18 I decided to continue to explore Ruth’s story. Unlike the dog, I could use words to explore her position as “the unfaithful”:

Margareta: Hmm. You’re talking about the unacceptable things you may have done. I don’t know so much about them, but I know one thing and that is that you use the words “unfaithfulness” and “infidelity” in a weird way. What you call “infidelity” is not what we usually mean when we use that word.
Ruth: What do you mean? I had sex with another man.
Margareta: Yes, but you had left your husband and met another man. It is what we commonly refer to as “being in a relationship.” We don’t usually call it “infidelity.”
Ruth: Ooooh… (puts her hands to her face and cries even more) Are you sure?
Margareta: Definitely.

19 After my input—some may call it objection—our conversation continued with Ruth’s concluding that I had a point. I might even be completely right. The dog returned to his sleeping state and Ruth and I continued to explore her story from this new starting point. Later, I heard from the therapists at the Centre that Ruth had left her husband.

Concluding Remarks

20 Already through my reading of Divorce Talk, it became clear to me that narratives generally are multi-layered. They have an overarching main plot, as well as many subplots, and they include multiple perspectives. The analysis of Tessa’s and Ruth’s stories confirmed that. What the article shows is that a narrative can change dramatically if the tellers’ and/or listeners’ positions change. It would be too naïve to think that there were no “false” narratives about personal experiences, because people may lie about their whereabouts, but above all, there are different stories, opening up for new interpretations of old stories and for new stories to be told.
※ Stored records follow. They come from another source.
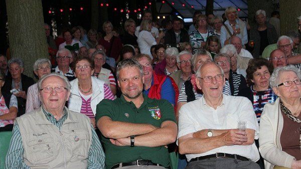 Seit gut drei Jahren wird in der Grundschule Alverskirchen die „Plattdeutsch AG“ angeboten und von den Grundschülern mit viel Freude angenommen. Was sie dort gelernt haben, präsentierten sie ihrem begeisterten Publikum in mehreren Liedern und Sketschen rund um das Thema Schützenfest und Schützenwesen. Und auch der Fahnenschlag und die Tanzgruppe wurden für ihre Auftritte mit viel Applaus belohnt. Zwischendurch entlockte Robert Schulze Wettendorf den ehemaligen Vorsitzenden des Vereins, Paul Averbeck (1975 – 1981), Walter Kröger (1981 – 1991), Heinz Tertilt (1998 – 2003) und Ernst Wiesmann (2003 – 2011) viele denkwürdige und lustige Anekdoten und beleuchtete dabei zudem die bedeutsamen Entwicklungen, die der Verein in diesen Jahren genommen hat. Untermalt wurden die Interviews mit passenden Bildern, die Burkhard Sommerhage und Willi Huster im Dorfarchiv zusammengetragen hatten. Nach dem Programm verweilten Schützen und Gäste noch lange im Schützenbusch und genossen bei milden Temperaturen viele Gespräche und das ein oder andere kühle Blonde.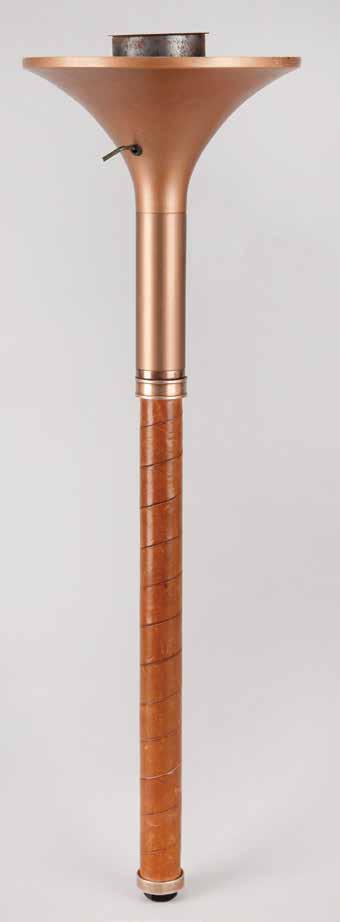 3013. Lake Placid 1980 Winter Olympics Torch, Carried by Georgia’s Relay Runner. Rare and unusual 1980 Lake Placid Olympics torch carried by DeForrest Jackson as Georgia’s runner in the official torch relay, comprised of bronze-colored leather and metal, measuring 28.5˝ in length and 8.5˝ at its widest point, designed by Don McFarland and manufactured by Cleanweld Turner. The torch design and materials symbolized a blend of modern technology and a reference to Ancient Greece. The central ring lacks the Lake Placid emblem and text seen on many torches, as issued for this variant; the torch bowl also has a rare metal switch seen on few other examples of Lake Placid 1980 Winter Olympic relay torches, evidently designed to control the burn rate. The bottom brass ring, which exhibits some light wear, is engraved with the maker’s information, “Cleanweld / Turner, Sycamore, Illinois” and marked “102.” The burner bowl remains in place. The torch exhibits some wear and scuffing to its leather-wrapped handle, as well as general overall wear from use in the relay.
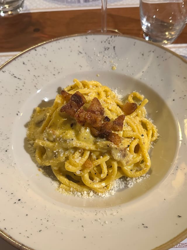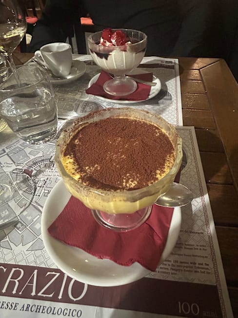 9/10We asked for a table in the basement among the ruins and staff offered us one outside. When asked, they moved us to the reserved table. The ambiance was stunning. The food was AMAZING. We had beef carpaccio to start, followed by polpette in suga, rabbit and tiramisu. The rabbit melted in your mouth, the carpaccio was tender and flavourful and the tiramisu was lush and creamy. Unfortunately, the waitstaff were likely over committed. I dropped a knife while interacting with the waiter, who said he would bring a new one and never did (luckily I had the polpette and didn’t need it). They also brought dessert while we were halfway through our second course, sat it on the table and left. Felt very rushed. We left an item on the table and returned a few minutes later - the host was rude and was playing on his phone in seconds after essentially dismissing us. Thankfully, a waiter assisted us and we retrieved our item Go for the beautiful ambiance and the five star food. Staff, not so much.

Sometimes a new interpretation of an old story can take the form of a “turning point” with the power to change the teller’s life, as in Ruth’s case.

21 This article has shown that an exploration of the many layers of a personal narrative is not a straightforward linear process. It rather forms a circular process, beginning with an agreement between teller and listener on the subject of the interview, continuing with a question formulated by the listener, followed by careful listening, carried forward by the listener’s open attitude to what the teller has to say, and proceeding with a reflective attitude that may open up another round of exploration. C. R.’s analysis of Tessa’s story is a good example of such a process.

Postscript: Finding Catherine K. Riessman

22 Over the years, X and I have continued to travel to the U. S. for work and pleasure. At one point, I reminded Elliot Mishler that I had contacted him and hinted that a personal meeting would not be completely wrong. “Maybe this is not the appropriate way to approach a Harvard Professor?” I asked him. “No, it is not,” was his straightforward reply. “But we love those who do.” Thanks to my ignorance of how to behave in better company, and thanks to Elliot Mishler’s kindness, I finally found Catherine K. Riessman. I am forever grateful for that.

Margareta Hydén, PhD, is Professor Emerita in Social Work at Linköping University, Sweden; a Visiting Professor in Criminology, Stockholm University, Sweden; and a Licenced Psychotherapist. She has also served as Visiting Professor at the Centre for Criminology and Criminal Justice, University of Manchester, UK. Her areas of interest include family violence, narrative, and child studies. Her recent work focuses on social networks’ responses to intimate partner violence. She has been internationally acknowledged for her innovative research on violence towards women and is renowned for moving the research field beyond a mere static victim’s perspective and for engaging in examinations of the complex ways in which women negotiate their power. She has also studied agency in women’s narratives of leaving abusive relationships and has developed narrative approaches for the study of sensitive topics.